The city of Farmington, N.M., has agreed to turn over control of the San Juan generating station to Enchant Energy, a move needed to keep the 847-megawatt power plant operating past 2022.
The agreement allows Enchant Energy to continue exploring the possibility of retrofitting the coal-fired plant with carbon capture and sequestration equipment.
The San Juan plant, which is located in New Mexico, has five owners: Public Service Co. of New Mexico, Tucson Electric Power, Los Alamos County, N.M, Utah Associated Municipal Power Systems and Farmington Electric Utility System. The owners, except for FEUS, intend to exit the project in mid-2022, which could lead to its retirement.
FEUS, however, has the right to acquire the ownership shares of the other entities for free. Farmington has been searching for a company that could continue operating the plant.
Under an agreement approved Aug. 15 by the Farmington city council, FEUS will transfer the other owners’ shares to Enchant Energy. The Farmington public power utility will keep its 5 percent stake in the power plant.

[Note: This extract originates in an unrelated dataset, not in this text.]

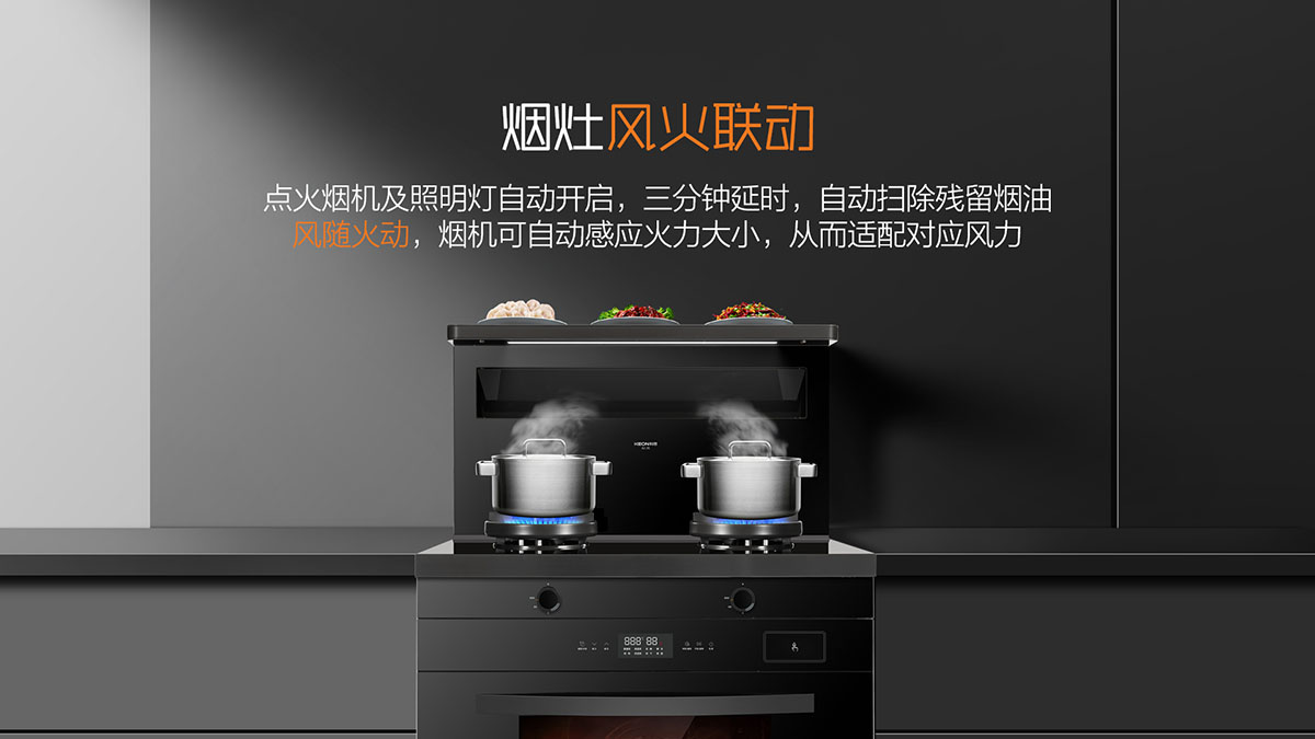 - 煙灶聯(lián)動,點(diǎn)火自動同步開啟油煙機(jī)

“This is a very significant event for the City of Farmington, customers of Farmington Electric Utility System and San Juan County,” said Farmington Mayor Nate Duckett. “Successfully completing carbon capture retrofitting at SJGS [San Juan generating station] will keep the plant operating, retain hundreds of power plant and mine workers’ jobs, maintain the tax base and revenues for local schools and ensure that electric rates remain among the lowest in New Mexico for FEUS customers.”
The agreement paves the way for Enchant Energy to negotiate with the exiting owners and with Westmoreland Coal, which owns a nearby mine that supplies fuel for the power plant, according to Larry Selch, Enchant Energy chairman of the board.
Other immediate tasks include talking with PNM about land, water and transmission rights and getting a right-of-way from the plant to a nearby carbon dioxide pipeline, Selch told the city council.
Enchant Energy says the San Juan power plant can become a low-cost source of electricity in the Southwest once there is a new coal contract for the facility.
Enchant Energy expects to be able to capture 6 million tons a year of carbon dioxide, compress it and transfer it on a planned 20-mile pipeline to the existing Kinder Morgan Cortez carbon dioxide pipeline. The carbon dioxide would be sent to the Permian Basin where it would be injected underground to boost natural gas production.
The facility would use 210 MW to compress and transport the carbon dioxide, with the rest of the plant available to supply customers under power purchase agreements and for sale at the Palo Verde trading hub in Arizona, according to Enchant Energy.
While the plan has advantages, such as the nearby Kinder Morgan pipeline, there are also challenges, according to Enchant Energy.
Tax equity financing at more than $1 billion has never been done before, Enchant Energy said in a public presentation in July.
Also, the economics of the project is affected by “45Q” tax credits for storing carbon dioxide underground, according to the company. The type of credit is new and the Treasury Department is still writing regulations for the credits.
Also, while Enchant Energy expects to line up long-term contracts with oil and natural gas companies for the plant’s carbon dioxide, Western utilities haven’t typically entered into power purchase agreements for non-renewable power, according to the company.
FEUS would continue to receive electricity from the plant if it continues operating. The public power utility will not be involved financially in the carbon capture project.
Enchant Energy contends the large-scale project may spur the use of carbon capture technology at other U.S. sites and the export of the technology to markets where coal-fired generation is still growing.
In March, New Mexico Gov. Michelle Lujan Grisham signed into law a bill that sets a statewide renewable energy standard of 50 percent by 2030 for New Mexico investor-owned utilities and rural electric cooperatives and a goal of 80 percent by 2040, in addition to setting zero-carbon resources standards for investor-owned utilities by 2045 and rural electric cooperatives by 2050.